> Goal of the exercise
Return the full listing word for word, but drop every picture from it.

> Data
"""

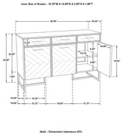 Elevate your space with this striking accent cabinet, blending natural wood tones with modern sophistication. Crafted from eco-friendly solid mango wood, the cabinet features a bold chevron pattern that adds depth and character. A sleek marble top offers a luxurious touch, while antique gold-finished metal legs and pull handles enhance its contemporary appeal. Designed for both style and storage, it includes three drawers and three spacious cabinets with interior shelving, making it perfect for entryways, dining rooms, or living spaces.
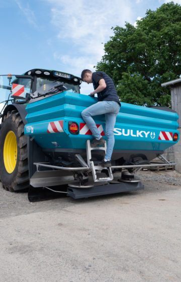 Gjødselspreder til traktor med stor kapasitet som drar nytte av teknologiske fremskritt utviklet for feltavlinger
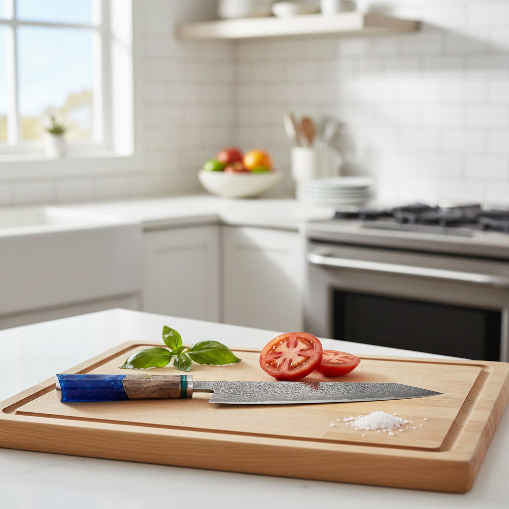 The Kiritsuke Octagons Series - Kiritsuke knife Damascus Sapphire Octagon from Shinrai Knives is designed as a versatile knife for preparing Asian dishes. This is done by combining the blade of a nakiri (vegetable knife) and sujihiki (fish knife). This combination ensures that you can cut many ingredients with one knife.

"""

> Result of this exercise
 Elevate your space with this striking accent cabinet, blending natural wood tones with modern sophistication. Crafted from eco-friendly solid mango wood, the cabinet features a bold chevron pattern that adds depth and character. A sleek marble top offers a luxurious touch, while antique gold-finished metal legs and pull handles enhance its contemporary appeal. Designed for both style and storage, it includes three drawers and three spacious cabinets with interior shelving, making it perfect for entryways, dining rooms, or living spaces.
 Gjødselspreder til traktor med stor kapasitet som drar nytte av teknologiske fremskritt utviklet for feltavlinger
 The Kiritsuke Octagons Series - Kiritsuke knife Damascus Sapphire Octagon from Shinrai Knives is designed as a versatile knife for preparing Asian dishes. This is done by combining the blade of a nakiri (vegetable knife) and sujihiki (fish knife). This combination ensures that you can cut many ingredients with one knife.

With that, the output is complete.